Wow, Gregg Doyel standing up for a principle? I never thought I'd see the day. Are you getting soft, Doyel? Because that A-Rod story sure makes me think so.
How can I be soft? Viagra, remember. Viagra.
From: Chris T.
Did you just compare your writings to Hemingway's?
No. I was comparing his to mine.
It's obvious your mother knows somebody at CBS very well. They gave you a job, you start spewing your filth everywhere. You ever heard, "Don't kick a dog while it's down"? Probably not. You were one of the kids, along with Bundy, Gacy, Dahmer, who tortured animals growing up.
You just compared me to three of the worst serial murderers in U.S. history? I'm
From: Greg S.
Sounds like someone lost money on the World Series. Stop mixing gambling with work.

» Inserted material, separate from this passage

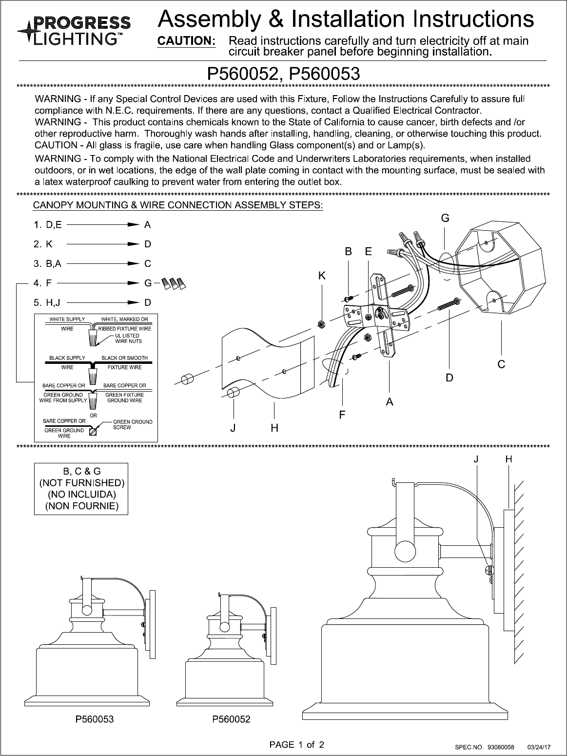 R Ogress Assembly & Installation Instructions IGHTING™ CAUTION: Read instructions carefully and tum electricity off at main circuit breaker panel before beginning installation. P560052, P560053 WARNING If any Special Control Devices are used with this Fixture, Follow the Instructions Carefully to assure full compliance with N.E.C. requirements. If there are any questions, contact a Qualified Electrical Contractor.

Caught me. I'm big on gambling.
From: Andrew D.
As a longtime hater of your articles, and as someone who wanted to throw up when I saw the headline "Colorado would have been better off losing the NLCS," I must say that every now and then you hit the nail on the head, and this A-Rod article is the perfect example of that.
I must have been preaching to the choir on that Bor-Rod column, because this is the closest thing it got to a mean email.
Most of the time I hate your guts and your articles and think you're pretty much a douche. However your article on Bor-Rod was spot on. He couldn't hack it in New York and is taking the easy way out. Do you have an opt-out clause in your contract? If only CBS Sports.com could do the same with you ... douche!
OK, this was closer.
From: Matthew T.
How much would it take for you to pull a Rick Reilly and sell out to ESPN? And at the risk of hurting that opportunity, do you think ESPN lost its final sliver of credibility by identifying Reilly and Bill Simmons as the two best sports columnists anywhere?
I don't know about its credibility, but I was a bit confused when ESPN's guy said that about Reilly and Simmons, considering I'm every bit as good as one of them. (The other one, no chance.) ESPN was probably just trying to get back at me for leaving in 2003 for this fine job. No grudges. Their staff includes my favorite sports writer ever.
From: Bill C.
You seem to actually love hate mail. Conversely, do you hate love mail? I await your weak response.
I'm not sure I would recognize love mail. Maybe you can help me with this next guy.
From: Dave E.
We all know you're a natural, you've got talent. You were born a total jackass and a complete fish-head. If you stepped it up, you could be one of the legends of jackass-ary. But instead you're slipping. Your dribbles are now just one-liners, and your articles are somewhat agreeable. Reading your articles used to make me want to punch stuff, particularly you. It's like Sonny told us in A Bronx Tale: There's nothing worse than wasted talent. And you are wasted talent. But he's a movie character, not a real human being. And I'm getting the feeling you're not either.
I'm going to take this as a compliment. Not sure how, but that's what I'm going to do. Next time, Dave E., try to be more clear.
From: Dave E.
It's 11 a.m. on Thursday. Where's your Hate Mail column? Slacker. You write two or three columns a week which, judging by their quality, couldn't have required more than an hour or two of effort. Add in the Hate Mail and the one-liner dribbles, and near as I can tell you do about 10 hours of work a week. So I expect the Hate Mail column first thing on Thursday morning. Next time I'm complaining to your boss and telling him that you're a fish-head.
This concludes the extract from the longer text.